**Data records:**
=== Begin Enclosure ===
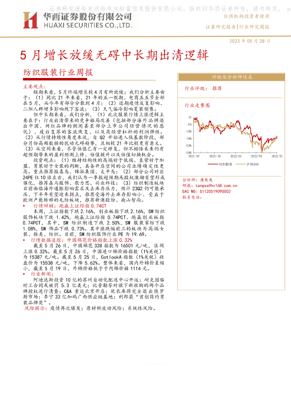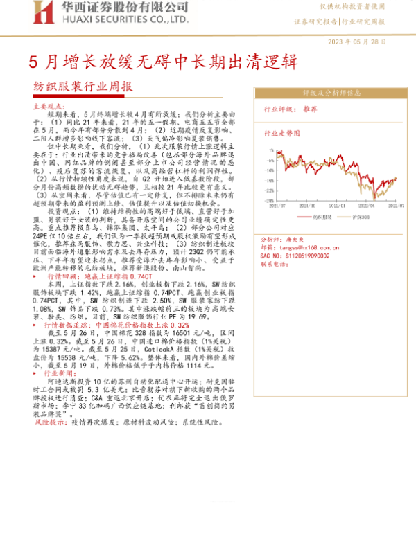 市场分析 投资观点 纺织服装 行业周报 风险提示
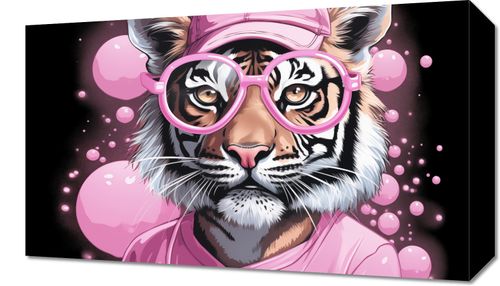 Obraz z serii pop art Ludzki Tygrys. Na obrazie widzimy głowę tygrysa, który jest ubrany w stylizowany, ludzki sposób. Tygrys ma na sobie różową czapkę z daszkiem oraz okulary w tym samym kolorze, co dodaje mu ludzkiego charakteru. Tło obrazu jest proste, pokryte bąbelkami w różnych odcieniach różu, co tworzy zabawny i lekko surrealistyczny klimat. Ten kolorowy i kreatywny projekt może przyciągnąć uwagę w różnorodnych przestrzeniach, od młodzieżowych pokoi po galerie sztuki. Jest to doskonały przykład współczesnego połączenia natury i kultury pop, który może być tematem rozmów i oryginalnym elementem dekoracyjnym.
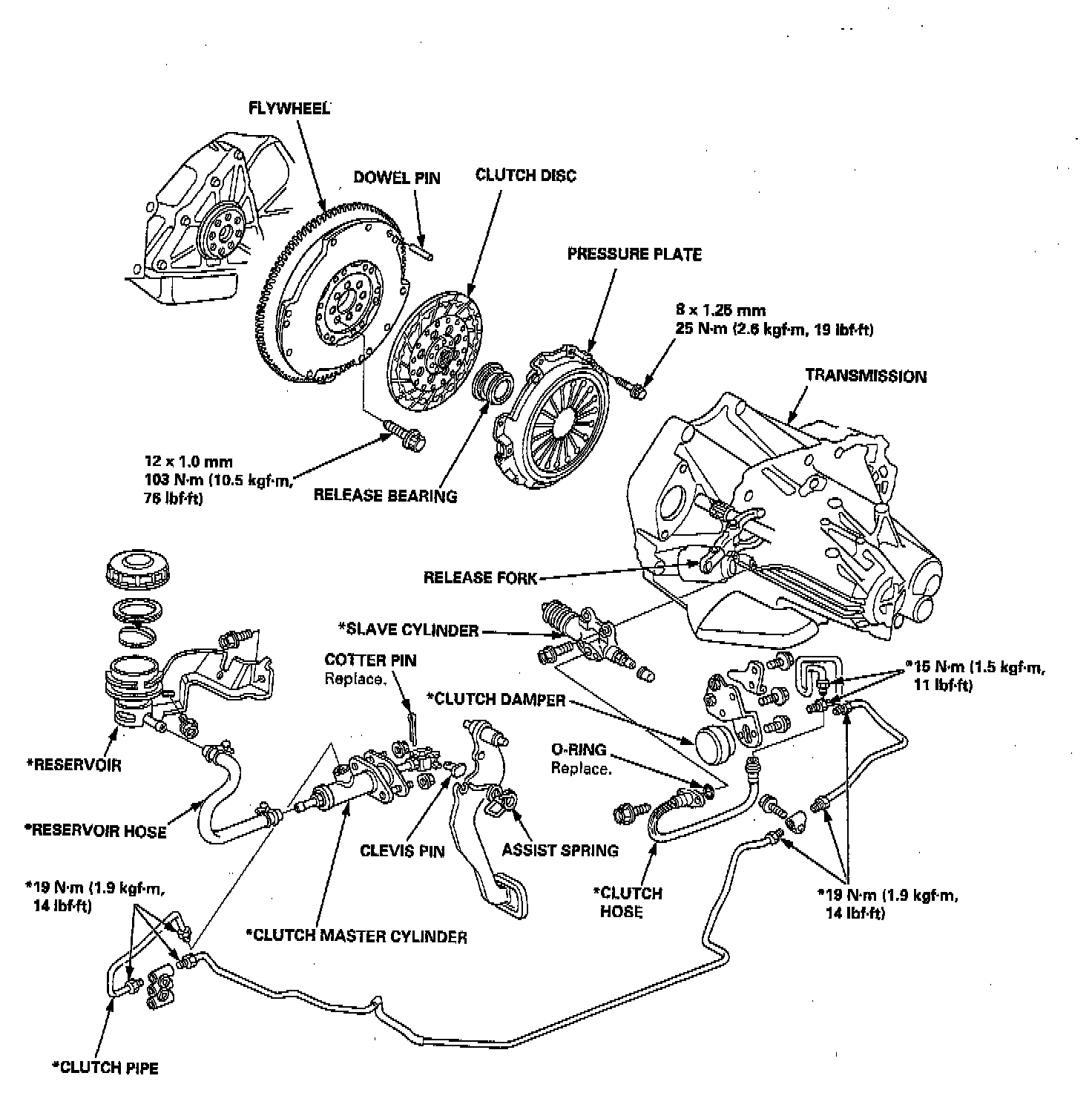 - If the parts marked * are removed, the clutch hydraulic system must be bled.
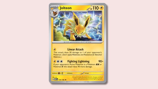 Jolteonは現在、プリズム進化の最も価値のないEeveeltutionカードであり、その形の意味のあるダメージソースは1つだけです稲妻との戦い。これは90のダメージを与えますが、対戦相手のアクティブが元またはVポケモンである場合、180に積み重ねることができます。
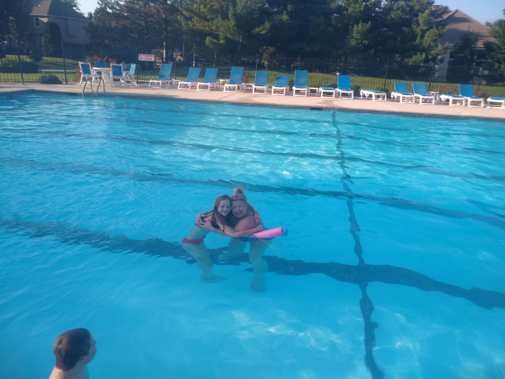 This pool is great for swimming in the summer! You can also kick back and relax on the chairs. Friendly lifeguards there to keep you safe, and it's a scene when the Winterset team swims in this pool during a competition!
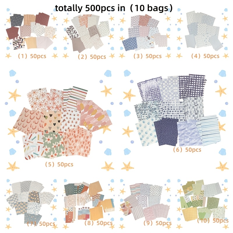 TEMU 스크랩북용으로 사용할 수 있는 500매의 다양한 색상의 종이 팩, 10개의 가방으로 구성된 창의적인 크래프트 종이 세트, 사각형 모양의 패턴으로 구성된 종이 팩, 일기장, 플래너, 콜라주 제작에 사용할 수 있는 종이 팩|일기장
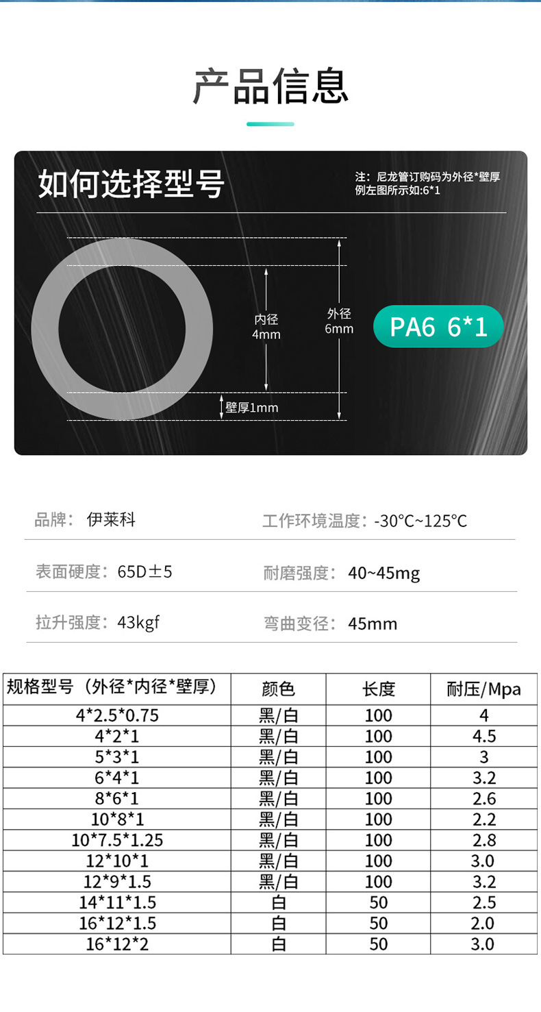 ELECALL PA Nylon Air Tube Hose -30 to 125℃ Temperature Range, 30KG Pressure Resistance, Import Pure Material, Thick Wall Design
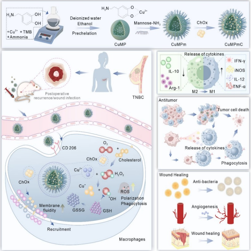 术后复发和感染仍然是乳腺癌有效康复的主要障碍,通常由胆固醇介导的巨噬细胞功能障碍驱动。为了解决这些问题,近期福建师范大学生命科学学院曾雪梅团队开发基于免疫治疗与纳米技术的创新融合,通过铜-多巴胺螯合和自聚合构建CuMPmC的多功能纳米平台。该纳米平台用甘露糖功能化,选择性靶向M2样巨噬细胞,并装载胆固醇氧化酶(ChOx)。CuMPmC通过ChOx介导的氧化消耗巨噬细胞膜胆固醇,增强质膜流动性,从而促进巨噬细胞趋化。同时,ChOx产生的H2O2驱动铜介导的芬顿样反应产生适度的活性氧(ROS),同时消耗肿瘤微环境中的谷胱甘肽。这种双重作用使巨噬细胞向促炎性M1表型分化,增强对肿瘤细胞和病原体的清除。实验表明,CuMPmC可显著降低术后肿瘤复发和感染。这些发现强调了胆固醇代谢在巨噬细胞功能重编程中的关键作用,并为乳腺癌术后治疗提供了有希望的免疫治疗策略。
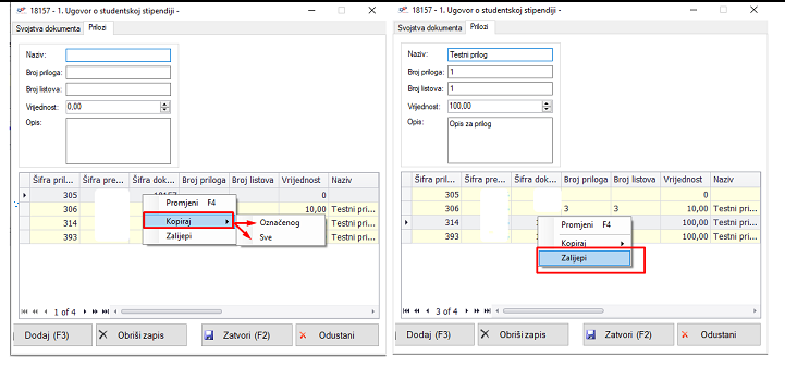 Također, priloge možemo kopirati i premjestiti u dokument unutar istog predmeta ili u neki skroz drugi predmet, i to pojedinačno ili sve odjednom.
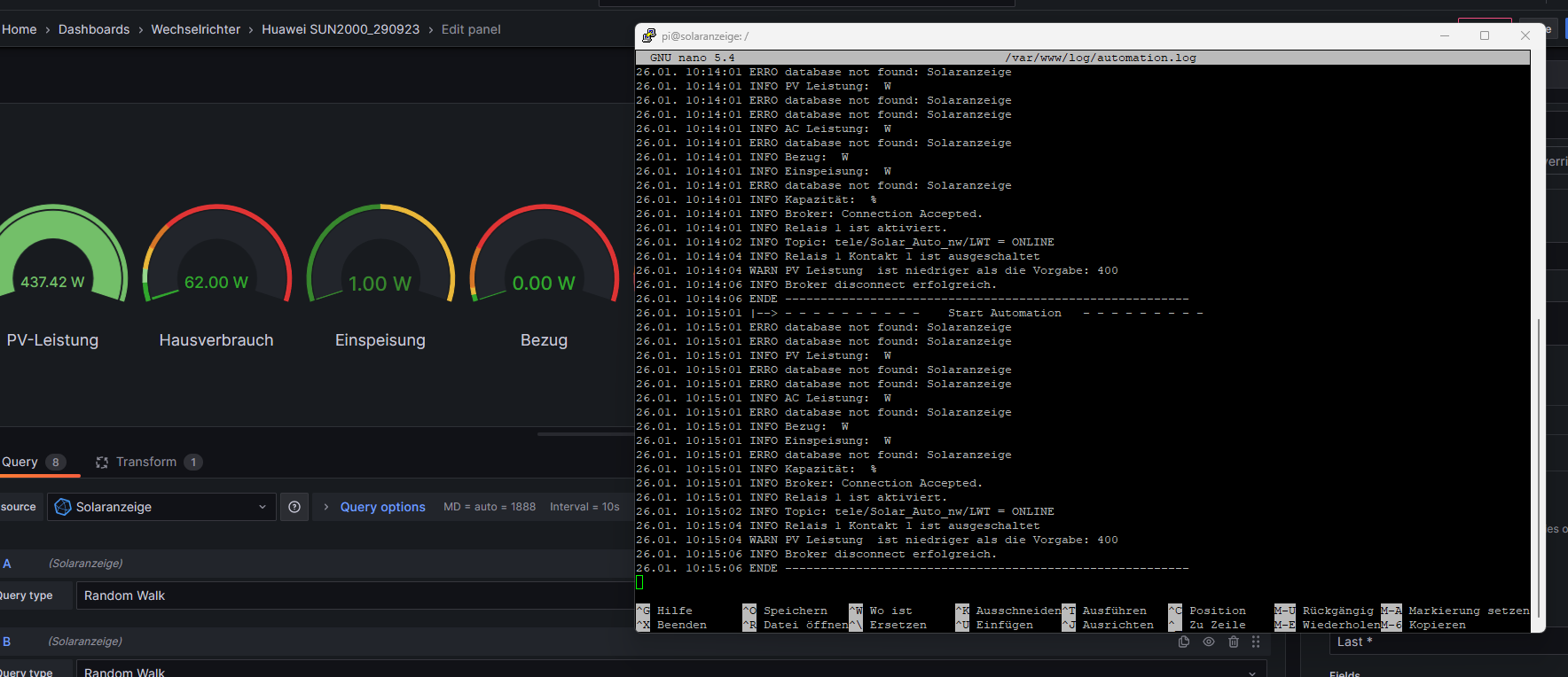 Also, was kann man tun, dass die Datenbank " Solaranzeige" gefunden wird?
=== End Enclosure ===
**Task objective:** Copy needed, without pictures: the lines of the listing above from the line containing "- If the parts" up to and including the line containing "Jolteonは現在、プリズ", set down exactly.

**Result below:**
 - If the parts marked * are removed, the clutch hydraulic system must be bled.
 Jolteonは現在、プリズム進化の最も価値のないEeveeltutionカードであり、その形の意味のあるダメージソースは1つだけです稲妻との戦い。これは90のダメージを与えますが、対戦相手のアクティブが元またはVポケモンである場合、180に積み重ねることができます。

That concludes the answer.